Presumably that means in-product is fine, and it sounds like that's a preferable approach?
Flags: needinfo?(dbaron)
David, the value from comment #14 of 000000001e000000 along with the values of Identifier and VendorIdentifier?

Ben, heads up about the values being requested. Would the following work for you for %SYSTEM_CAPABILITIES%? Strings are surrounded by parenthesis.

/SSE3 000000001e000000 (GenuineIntel) (Intel64 Family 6 Model 60 Stepping 3)/
Flags: needinfo?(dbaron)
Flags: needinfo?(bhearsum)
(In reply to Robert Strong [:rstrong] (use needinfo to contact me) from comment #21)
> David, the value from comment #14 of 000000001e000000 along with the values
> of Identifier and VendorIdentifier?

Yes.  Although it's possible we want to report the bytes in a different order, since such a value is usually described as 0x1e.

> Ben, heads up about the values being requested.
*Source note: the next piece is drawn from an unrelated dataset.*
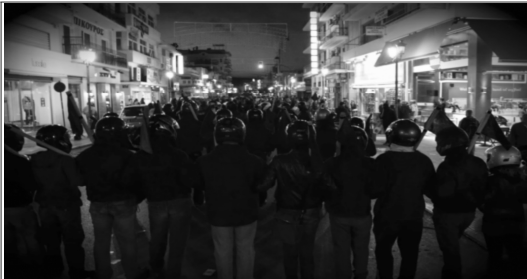
(Αντιφασιστική πορεία, Βόλος 05/10/13)

νεκρών νεοναζί, ότι δηλαδή θα ήταν πιο αποτελεσματικό αν εκτελούσαν υψηλόβαθμα στελέχη της χρυσής αυγής, παρά τα αναλώσιμα της. Τα οποία όμως δεν ήταν απλά μέλη αλλά στελέχωναν τα δολοφονικά τάγματα εφόδου που άπειρες φορές είχαν επιτεθεί σε αγωνιστές/τριες, είχαν σακατέψει και δολοφονήσει μετανάστες με τις ενέδρες και τις εισβολές σε σπίτια, σκορπούσαν την τρομοκρατία και δεν είχαν πρόβλημα να την προπαγανδίζουν, για αυτό άλλωστε σε τέτοιες ενέργειες φρόντιζαν να φέρουν τα διακριτικά του κόμματός τους. Έτσι λοιπόν η εκτέλεση των φασιστών πέρασε το μήνυμα και στα χαμηλά κλιμάκια της χρυσής αυγής ότι κανένας δεν είναι στο απυρόβλητο, με την δικαιολογία των αναλώσιμων. Όσο σημαντικό είναι να χτυπάς τους εγκεφάλους και την ηγεσία τέτοιων συμμοριών, άλλο τόσο είναι και η επίθεση στα εκτελεστικά κομμάτια που αναλαμβάνουν να κάνουν τη βρώμικη δουλειά.

Would the following work for
> you for %SYSTEM_CAPABILITIES%? Strings are surrounded by parenthesis.
> 
> /SSE3 000000001e000000 (GenuineIntel) (Intel64 Family 6 Model 60 Stepping 3)/

Note that the condition we'd be testing on would be a string-match on the parenthesized parts and a numeric <= match on the 0x1e.  (Though if needed we could just list out the 10 or so possibilities of the microcode version.)
Flags: needinfo?(dbaron)
A little more detail on the microcode version number.  The  Intel® 64 and IA-32 Architectures Software Developer’s Manual Volume 2A: Instruction Set Reference's definition of the CPUID instruction says:

For processors that support the microcode update facility, the IA32_BIOS_SIGN_ID
MSR is loaded with the update signature whenever CPUID executes. The signature is
returned in the upper DWORD. For details, see Chapter 9 in the Intel® 64 and IA-32
Architectures Software Developer’s Manual, Volume 3A.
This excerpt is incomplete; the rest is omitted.